Residual Errors From Incident
Incident Report for Eleos Technologies
Postmortem

From 2022-11-18 22:12 UTC until 2022-11-18 22:42 UTC (30 minutes total), the Eleos Mobile Platform experienced a partial outage caused by a sudden increase in latency and error rates when performing writes to one of our primary data stores. During the incident period, some drivers experienced intermittent failures when using the Eleos mobile app, similar to the behavior seen when the app is offline. Similarly, some Platform Dashboard users experienced slowness and failures when attempting to view or change app settings and content. API clients, such as integrations attempting to send outbound messages to drivers, would have experienced higher-than-normal error rates. Because of the nature of the underlying issue and our high-availability architecture, not all users would have experienced or noticed errors during the 30 minute period.

Although our monitoring immediately detected the issue and the on-call engineer responded quickly, it took 27 minutes before the first customer-facing update to the status page occurred. This delay undermines the value of the status page, and we’re revising our incident handling procedures accordingly to better emphasize earlier communication.
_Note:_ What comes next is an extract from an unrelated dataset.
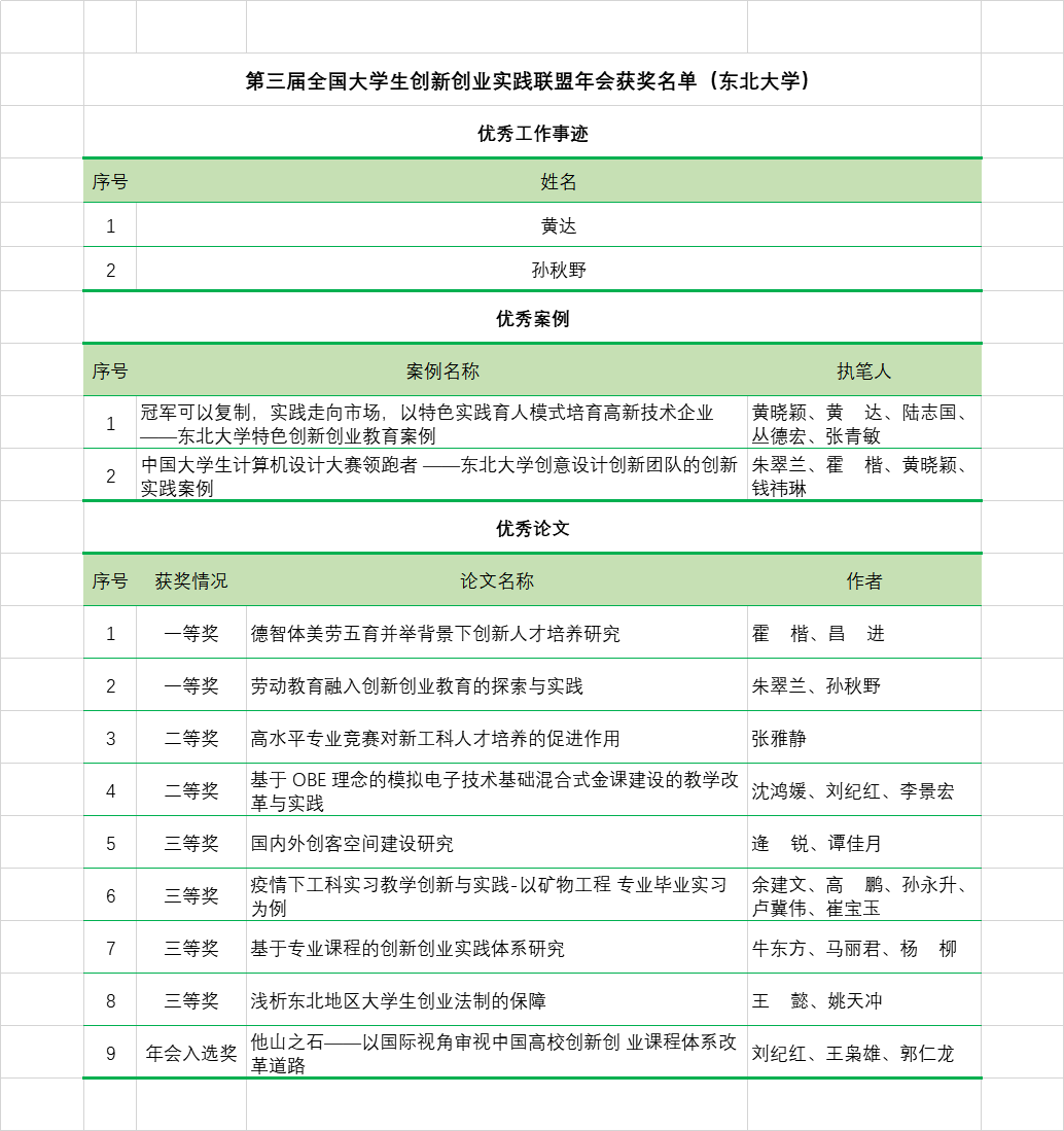 大会同期发布了第三届全国大学生创新创业教育联盟年会优秀案例、优秀论文、指导教师优秀事迹等奖项的评选结果,东北大学荣获指导教师优秀事迹2项,创新创业教育优秀案例2项,优秀论文一等奖2项,二等奖2项,三等奖4项,年会入选奖1项,并第三次荣获优秀组织单位。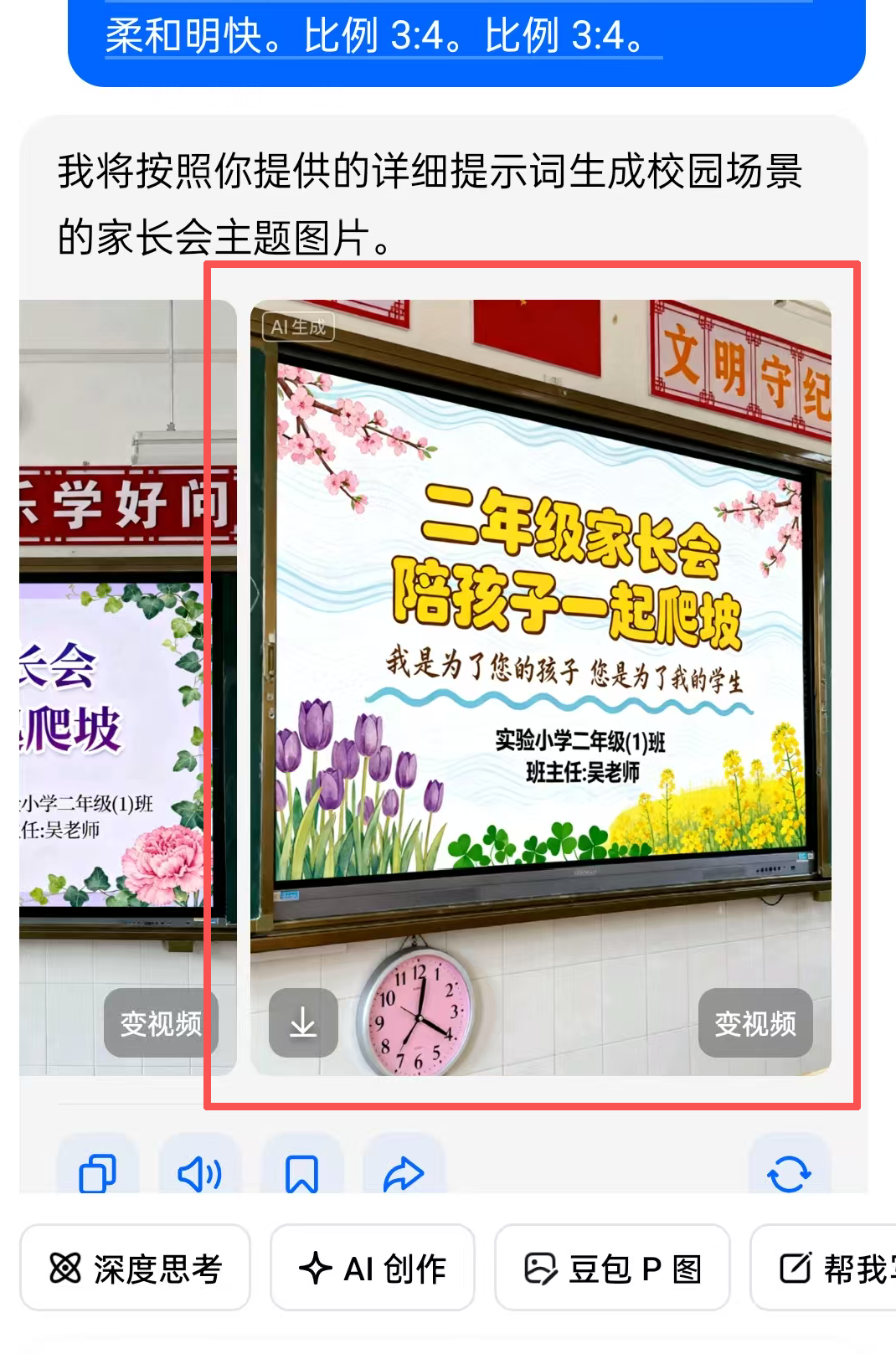 图上多了一块钟表,告诉豆包,去掉它就行。

This initial incident resulted in an additional data consistency issue affecting a small number of users, which persisted over the weekend until a server fix was deployed at 2022-11-21 17:44 UTC.

Drivers affected by this additional data consistency issue were unable to receive updated app data after they modified (e.g., viewed or deleted) a subset of messages that were sent during the incident on the 18th. The server fix resolved this error without additional driver or customer action.

A more detailed narrative and root cause analysis is available from your account executive upon request.

Posted Dec 06, 2022 - 14:39 UTC

Resolved
We’ve deployed a fix for this issue to production and confirmed that affected users are now seeing successful syncs. The fix resolves the issue server-side. Drivers do not need to log out and back in to see resolution.
Posted Nov 21, 2022 - 18:01 UTC
Identified
We are aware of an issue affecting a small number of Eleos Platform mobile app users. This issue prevents the app from synchronizing new or updated data, such as messages, from the device to our servers. Logging out and back will briefly work around this issue, but the issue will manifest again shortly.

We have identified the cause of this issue, and we are working to put a fix in place in production as soon as possible. We expect to have this fix deployed in the next 30 minutes and will follow up at that time.
Posted Nov 21, 2022 - 16:51 UTC
This incident affected: Eleos Platform (Mobile Apps).